Beginning at the line that contains "Adoptez un look" and finishing at the line that contains "ドラム型ゴールド縁ビーズ(5色あり)16㎜ 2個 No.BE161", output the data below exactly. Include both end lines and no pictures.
:: Working data
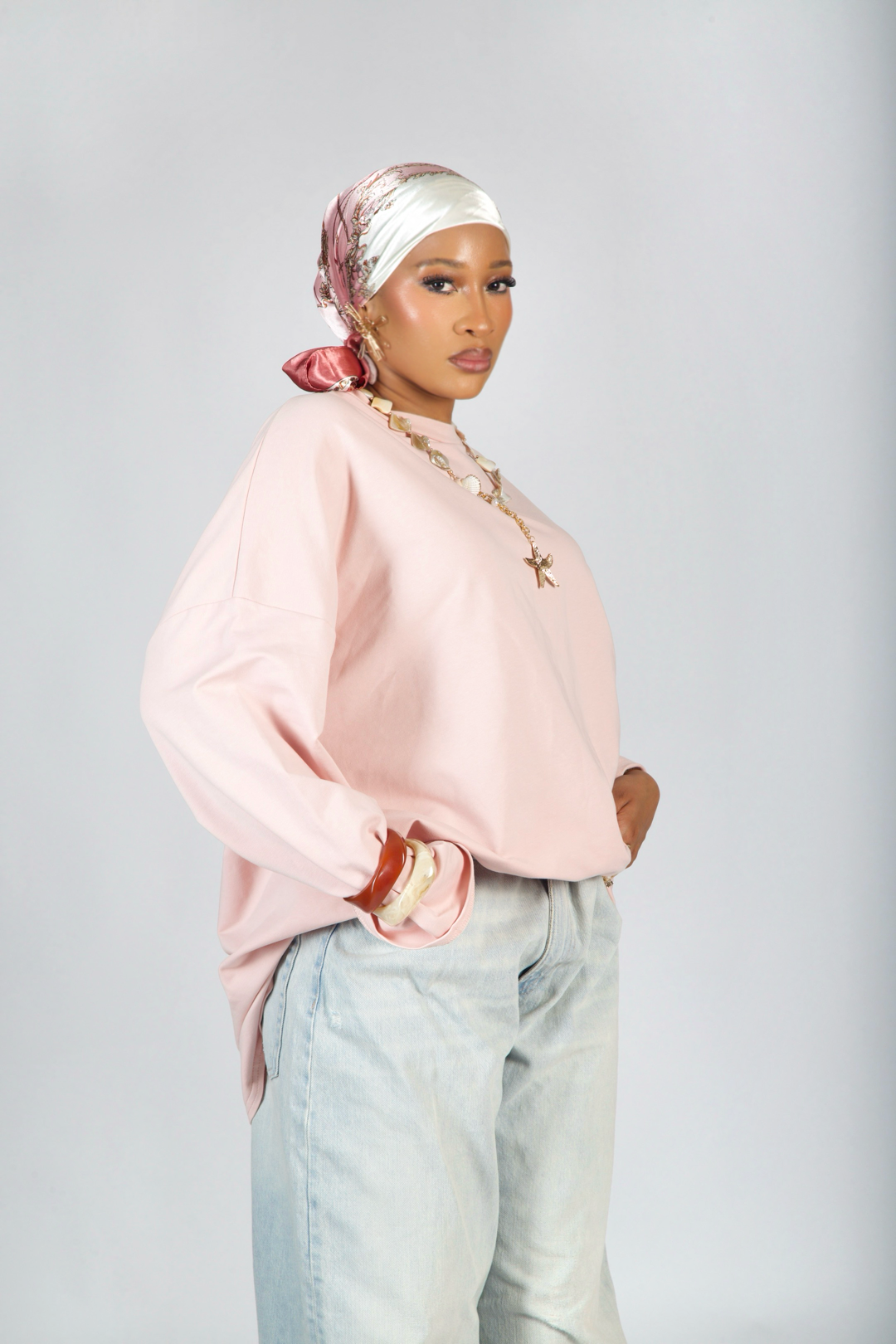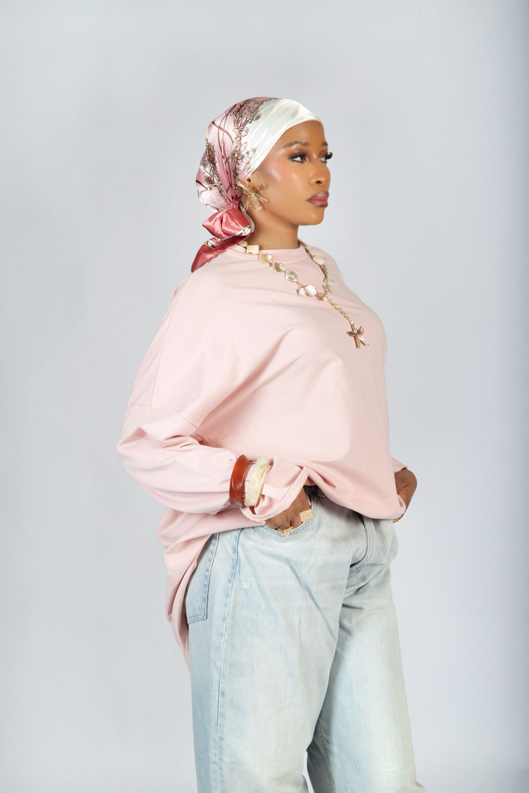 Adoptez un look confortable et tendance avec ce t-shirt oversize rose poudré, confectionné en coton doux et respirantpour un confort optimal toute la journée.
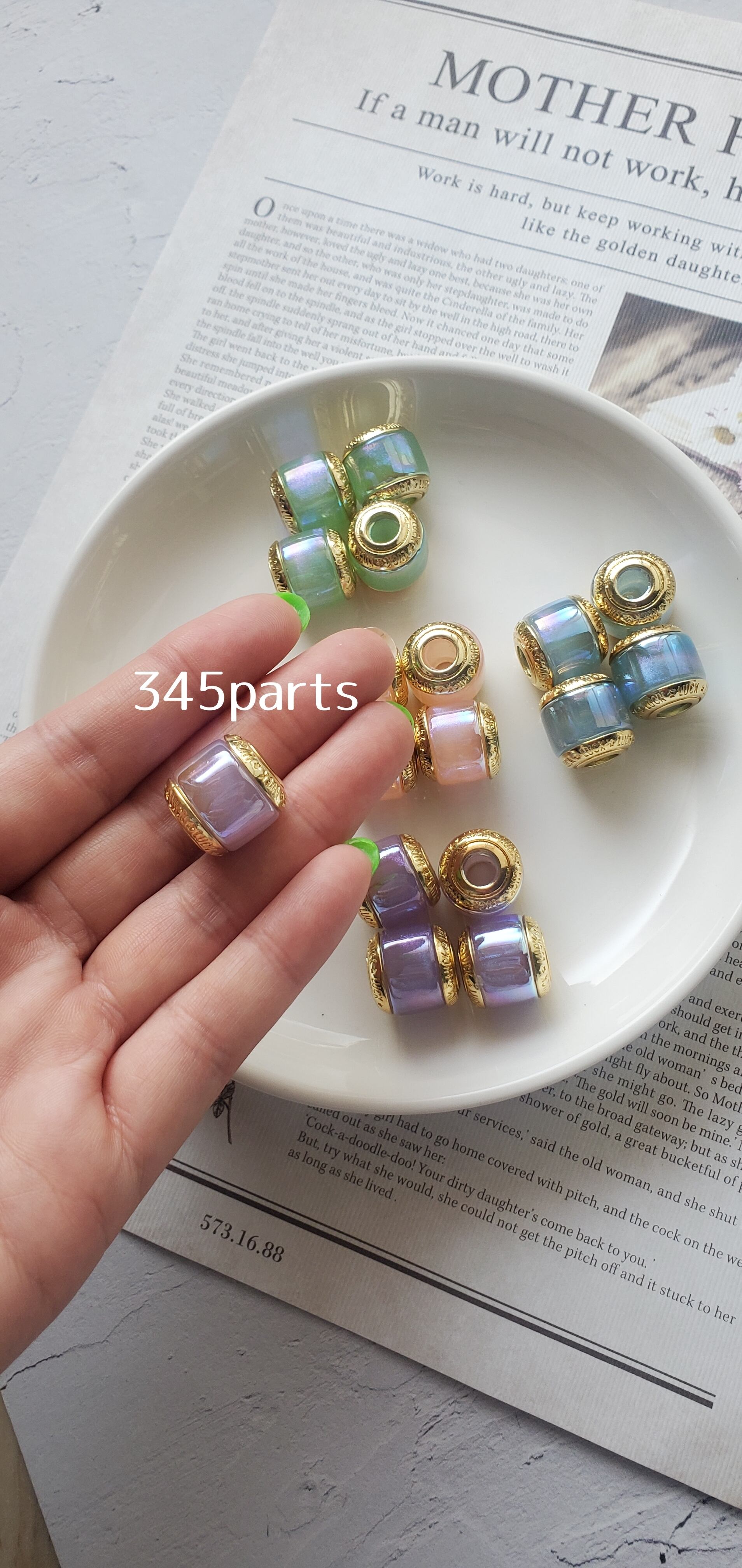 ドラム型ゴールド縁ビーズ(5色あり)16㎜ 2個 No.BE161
::::
:: Working data
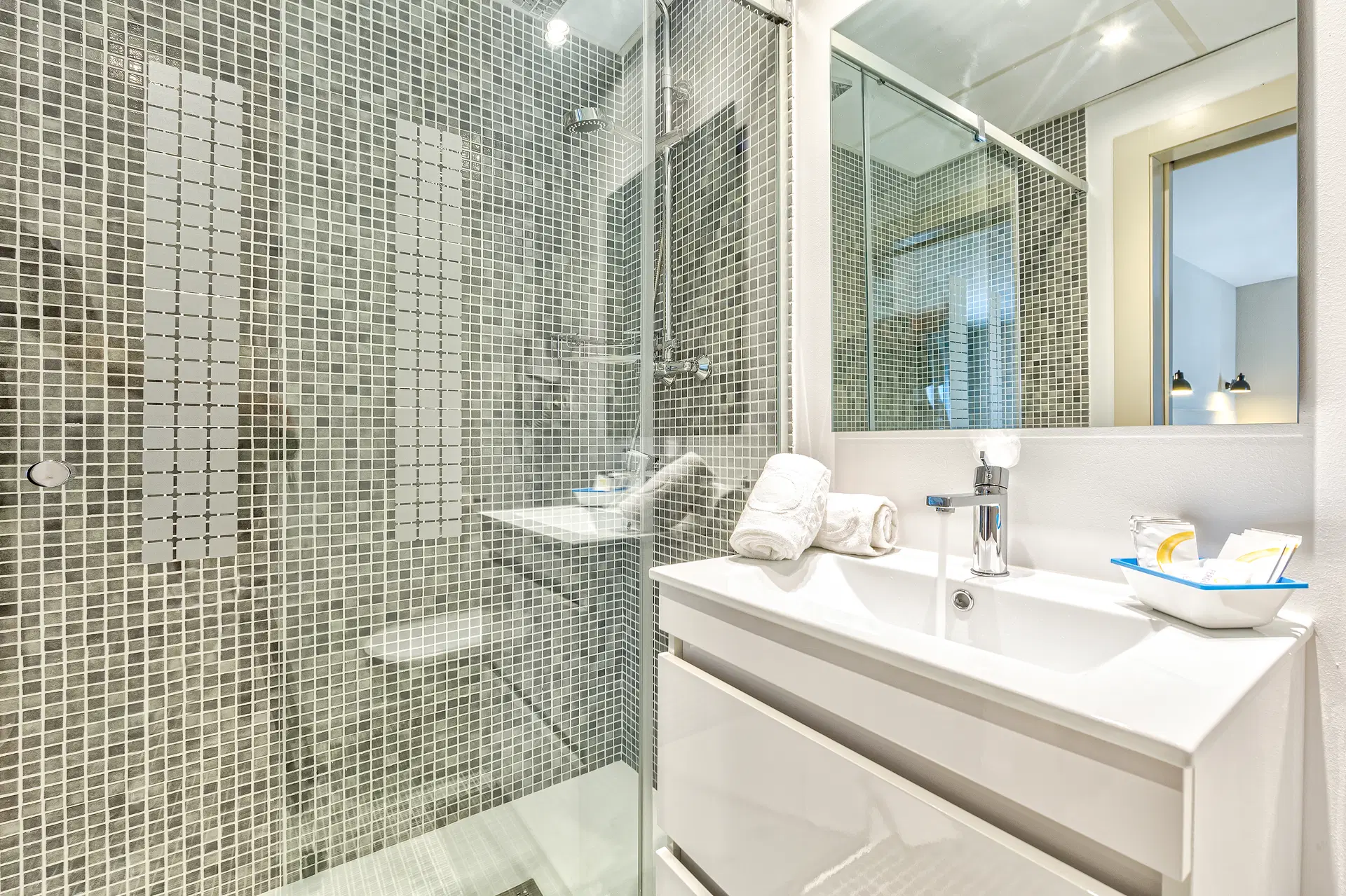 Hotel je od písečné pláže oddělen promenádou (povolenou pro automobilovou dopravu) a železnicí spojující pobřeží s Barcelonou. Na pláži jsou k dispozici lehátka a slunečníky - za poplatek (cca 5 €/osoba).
::::
* _Final answer_
 Adoptez un look confortable et tendance avec ce t-shirt oversize rose poudré, confectionné en coton doux et respirantpour un confort optimal toute la journée.
 ドラム型ゴールド縁ビーズ(5色あり)16㎜ 2個 No.BE161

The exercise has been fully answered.